Desse modo, a dívida pública consolidada tem muito mais a ver com as contas a pagar de um município, o lado negativo do balanço orçamentário, e a divida ativa tem muito mais a ver com as contas a receber, lado positivo do balanço. Como a dívida pública consolidada influencia substancialmente a capacidade do município de pagar suas contas, tem relação direta com a saúde financeira, a Lei de Responsabilidade estabelece que ela não pode passar de 120% da Receita Consolidada Liquida do exercício em análise, ou seja, a divida do município nunca pode ultrapassar mais de 1,2 vezes o montante que sobra entra no caixa após algumas deduções no período. Normalmente os municípios fazem a análise por quadrimestre.

Porque é importante saber desse tipo de informação?

Em coletiva de imprensa em Vinhedo recentemente a Secretária da Fazenda Deise Gomes disse aos jornalistas que o montante da dívida ativa do município estaria em torno de R$283 milhões, ou seja, o quanto o município está deixando de receber de impostos por inadimplência, e que para esse ano haveria novamente uma estratégia para parcelamento, mas que por conta da pandemia alguns condicionantes seriam utilizados, como é o caso do IPTU para os idosos que terá seu período de pagamento postergado para o segundo semestre.

No entanto, foi divulgado em alguns jornais que esse valor seria a divida do município consolidada, ou seja, o quanto o município deve em contratos, fornecedores e etc. O que acabou gerando certa confusão nos leitores. Na realidade a divida consolidada de Vinhedo, segundo avaliação mais atualizada do 2º Quadrimestre de 2020 é de R$57.014.338,00 o que representa cerca de 11,77% da Receita Corrente Líquida, bem aquém dos 120% permito por lei.
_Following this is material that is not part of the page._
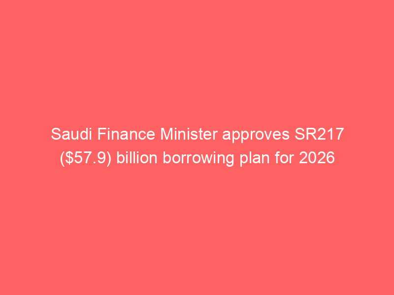 Saudi Arabia has approved a SR217 billion borrowing plan for 2026 to meet its fiscal needs. The funds will cover an anticipated budget deficit of SR165 billion and repay around SR52 billion in maturing debt. The plan focuses on maintaining debt sustainability, diversifying funding sources through bonds, sukuk, and loans, and expanding alternative financing for projects and infrastructure.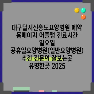 대구달서신홍도요양병원은 안전하고 편안한 요양 치료를 제공하는 곳으로, 많은 환자들에게 추천받고 있습니다. 예약은 홈페이지와 어플리케이션을 통해 간편하게 할 수 있으며, 언제 …

Reprodução de post em Facebook

Em Itatiba, como noticiamos aqui no Cicerone, o cálculo da atual administração sobre as dívida do município chegou a mais de R$20 milhões. Segundo a Secretária de Finanças Katia Baptistella, o valor é resultando entre a diferença dos valores empenhados, ou seja valores que a Prefeitura esta comprometida à pagar para fornecedores, pessoal e outras linhas de custo, que chega à R$39,9 milhões e os R$19,3 milhões que estão no caixa da prefeitura em Janeiro agora. Nesse caso, a Secretária não incluiu no cálculo outros compromissos que a Prefeitura possa ter, por isso segundo o Relatórios Resumidos da Execução Orçamentária do 2º Quadrimestre de 2020 a divida do município aparece como R$53.743.179,23, valor maior que o divulgado.

Apenas à título de comparação Valinhos realizou no final de 2020 com representantes do Banco do Brasil um acordo para selar a redução de mais de R$ 300 milhões na dívida de longo prazo do município, a chamada “dívida do século”.
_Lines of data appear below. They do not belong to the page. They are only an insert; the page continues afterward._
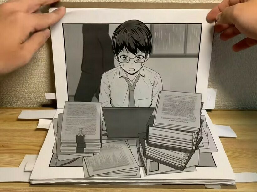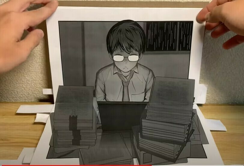 Японец создает потрясающие книги без слов, рисуя и вырезая множество деталей. Все в его альбомах создано вручную: от рабочего компьютера до улицы, на которой идет дождь. Сложные элементы в его работах двигаются и заставляют рисунки меняться. Герои на бумаге смеются, злятся, бегут и выражают эмоции.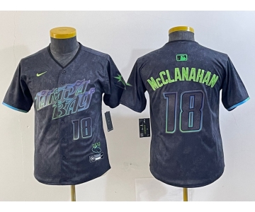 Youth Tampa Bay Rays #18 Shane McClanahan Charcoal 2024 City Connect Player Number Limited Cool Base Jersey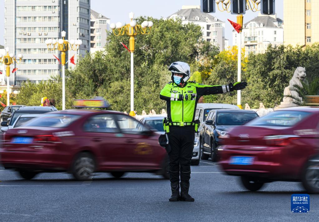 10月1日,乌鲁木齐市公安局交通警察支队民警艾日夏提·阿不力肯木在西大桥执勤点指挥交通。

A dívida é relativa à contratação das obras de captação de água do Rio Atibaia, no início da década 1990, e atualmente ultrapassava os R$ 500 milhões. O montante aumentou em cerca de R$ 100 milhões somente no ano de 2020.

Segundo cálculos de técnicos da Secretaria da Fazenda, o Município jamais teria condições de pagar esse valor se não houvesse uma negociação desse tipo. Por isso, hoje a dívida de Valinhos foi reduzida de cerca de R$ 500 milhões para R$ 218 milhões imediatamente. Porém, não conseguimos obter certeza do valor, nem se isso inclui dividas de curto e médio prazo, pois Valinhos só apresenta em seu site demonstrativos contábeis e relatórios financeiros até 2017. O que vai contra a Lei de Responsabilidade Fiscal e Lei da Transparência. Vamos apurar porque não há disponível.

Louveira tem uma situação estranha que vamos apurar, demonstrativos de 2020 sobre a dívida registram uma divida consolidada de R$0 nos balanços, levando crer que o município não tem dívida. Porém em Louveira há uma separação entre a dívida previdenciária e o restante da dívida. No caso da previdenciaria o montante total até o 1º Quadrimestre de 2020 era da ordem de R$280 milhões. Apesar de um site bem bonito, as informações mais atualizadas também não estão disponíveis.